Programmer120
Programmer120

Reputation: 2592

What is the proper way to terminate multi-threading code when one thread fails?

I have the following code:

def getdata3(self, page, data, apifolder, additional):
    tries = 10
    for n in range(tries):
        try:
        except (ChunkedEncodingError, requests.exceptions.HTTPError) as e:
            ...

            if n == tries - 1:
                raise e            # If arrived here - Terminate !
    print ("{2} page {0} finished. Length is {1}".format(page,len(datarALL),str(datetime.now())))
    return job

Main code:

    with ThreadPoolExecutor(max_workers=num_of_workers) as executor:
        futh = [(executor.submit(self.getdata3, page, data, apifolder,additional)) for page in pages]
        for data in as_completed(futh):
            datarALL.extend(data.result())
    print ("Finished generateing data.")
    return datarALL

This code create threads for workers. When all work is done it returns the datarALL .

My problem:

What I want is that if one of the threads arrives here:

if n == tries - 1:
    raise e            # If arrived here - Terminate !

All existed threads will be terminated. No future threads will be created (terminate the for page in pages loop) and the entire program will be terminated.

I read a few articles about the issue. I also read this Should I use Events, Semaphores, Locks, Conditions, or a combination thereof to manage safely exiting my multithreaded Python program? but the offered solutions are very complex and seem to add a lot code which I doubt I need.

I tried to do:

if n == tries - 1:
    exit(1)      

But when I check htop this doesn't shut down the entire process and threads.. I have some left over that are staying there as zombies.

My Question: Is there a simple, clean solution to terminate the program with error notice?

Upvotes: 2

Views: 389

Answers (1)

Jean-François Fabre
Jean-François Fabre

Reputation: 140178

sys.exit() can stay stuck sometimes because it tries to exit gracefully.

Some quick & dirty solution implies the use of os._exit(1) (1 is a possible return code indicating an error, 0 means success, you don't want to use that here. Stay in 0-255 range to avoid portability problems)

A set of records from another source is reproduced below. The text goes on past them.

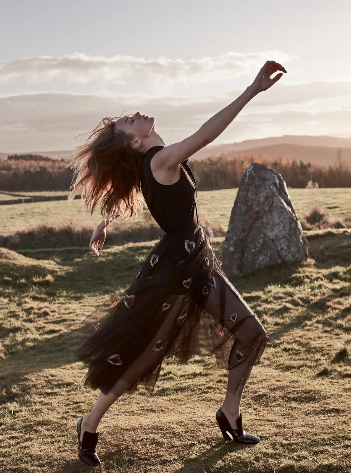 /Model Elise Crombez is styled by Charlie Harrington in 'High Priestess'. Agata Pospieszynska captures Agata on location at Sunhoney Stone Circle & Easter Aquhorthies Stone Circle, Scotland for Harper's Bazaar UK April 2017./ Hair by Koto Suizu; makeup by Marie Thomsen
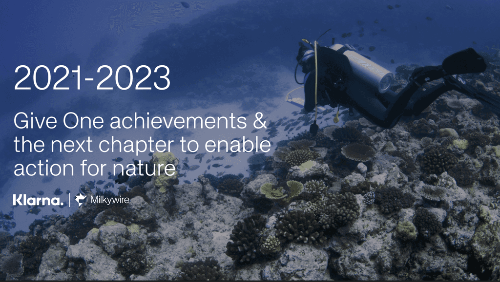 Give One was launched by Klarna in 2021, in partnership with Milkywire, to tackle some of the most critical environmental issues facing our planet. A call to action that set out to address the global funding gap for the interconnected crises of climate change, biodiversity loss, and human development, at a time when nature-based solutions received only around 3% of the financing they required.
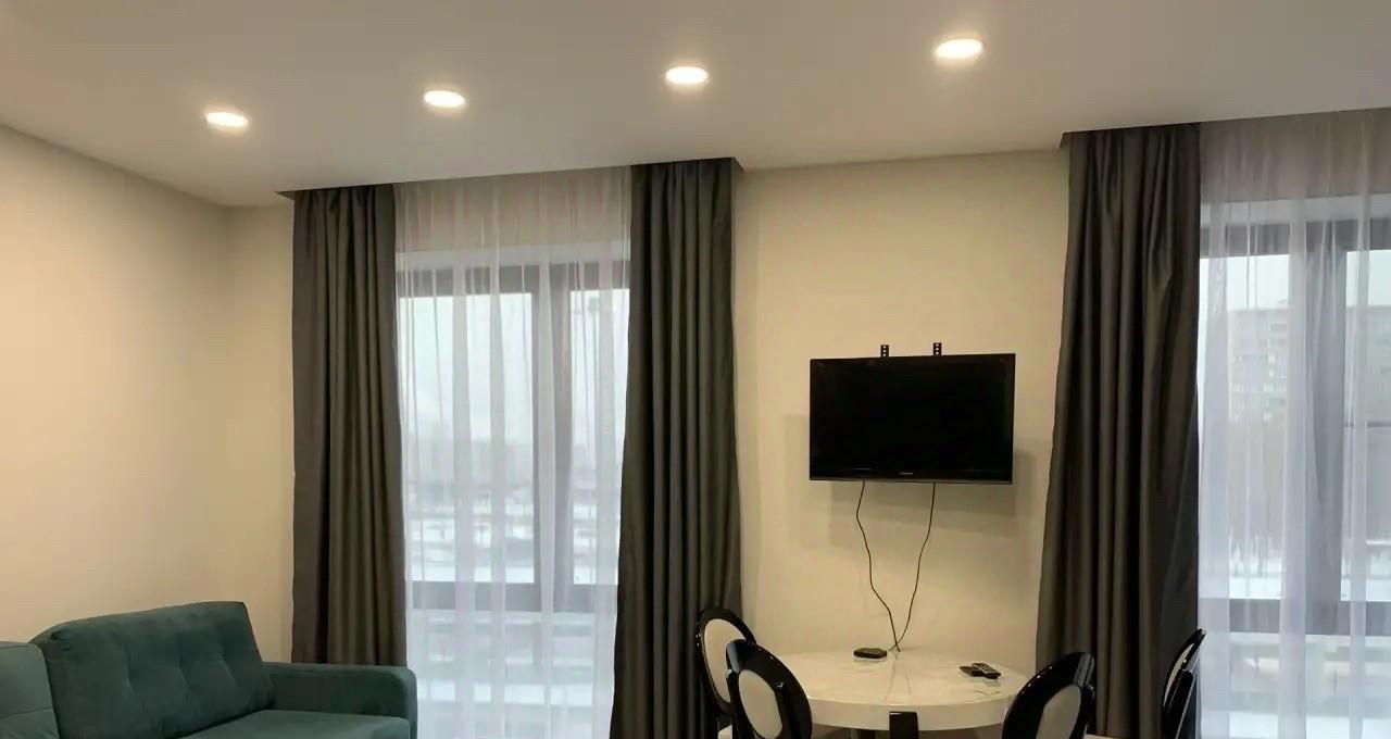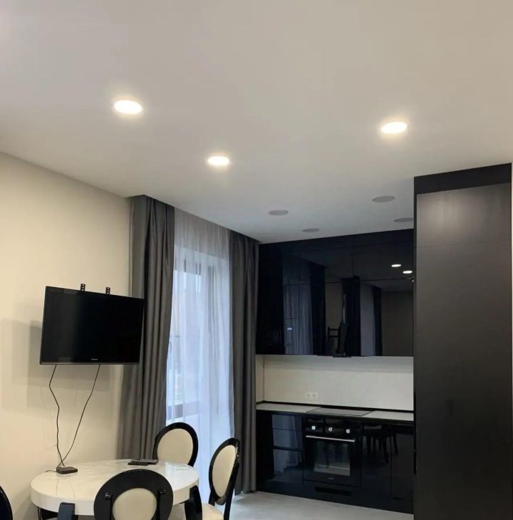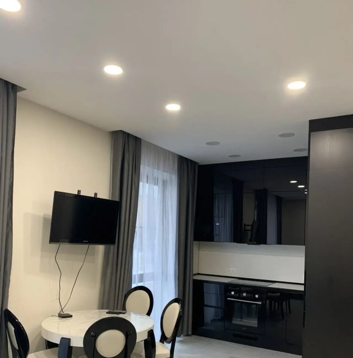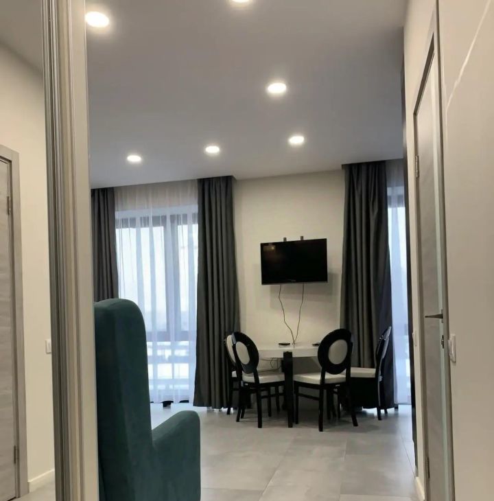 Сдается стильная однокомнатная квартира с дизайнерским ремонтом, расположенная в новом монолитном доме 2021 года постройки. Общая площадь квартиры составляет 47 кв. м, из которых 20 кв. м — жилая зона и 15 кв. м — просторная кухня. Квартира находится на 9 этаже 32-этажного дома, что обеспечивает великолепные виды и тишину. Высота потолков — 2.95 метра, поэтому квартира выглядит еще более светлой и просторной.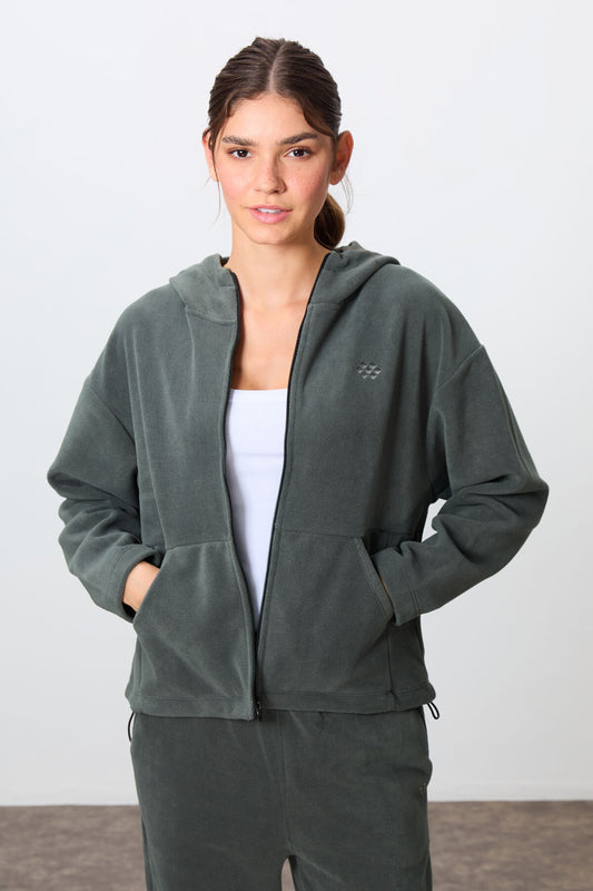 Green Soft Textured High Collar Oversize Elastane Women's Tracksuit Set - 95349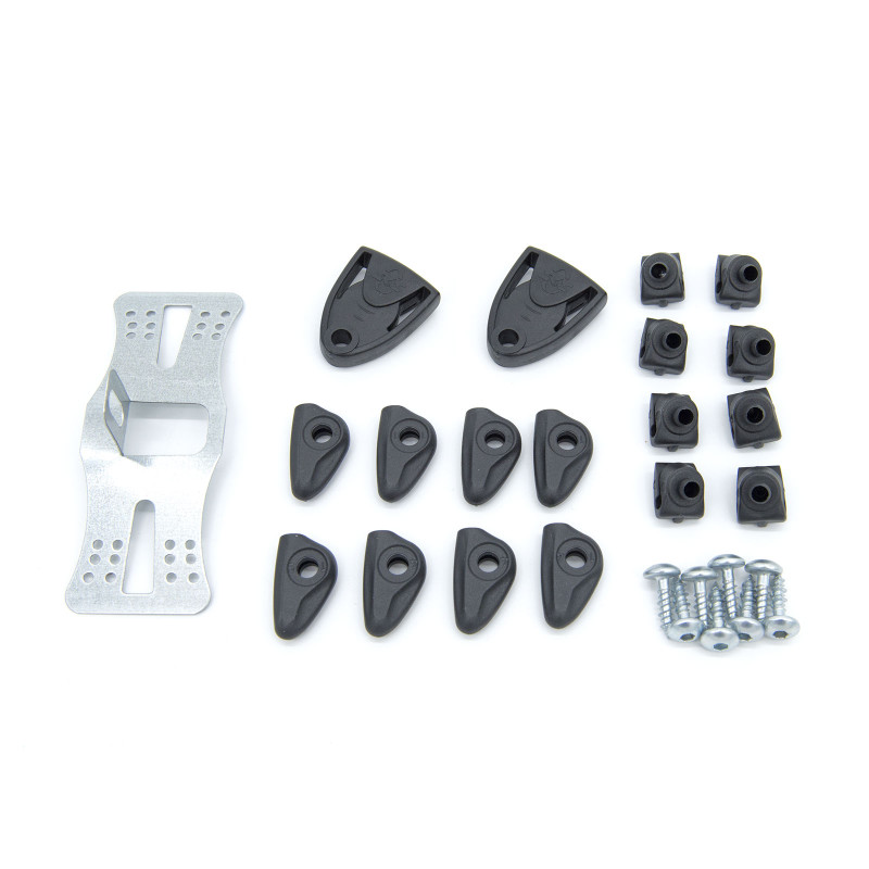 Sada obsahuje plastové úchyty a šroubky na jeden bicykl, tzn. pro dva blatníky a dále můstek pro zadní blatník.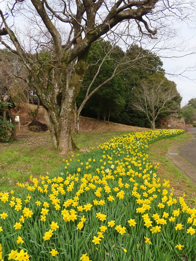 このスイセンは大分市で長年スイセンの栽培をしている萱野さんから令和3年(2021年)に球根をいただいて、その秋に植え付けをしたゾーンです。いただいた球根数はなんと3000球!!!萱野さん、改めてお礼を申し上げます。ありがとうございます!

On modern systems, resource tracking happens and the program quits, killing all attached resources (file handles, threads, memory...), so it is an acceptable solution.

The downside is that it bypasses python exit/cleanup procedures, just like when you kill the python process using kill. On OSes lacking resource tracking management (we're talking ancient history), this would result in global memory leak/file descriptors.

In your case, it doesn't matter because without this you cannot quit your application. But don't generalize it, reserve that for emergency exit procedures.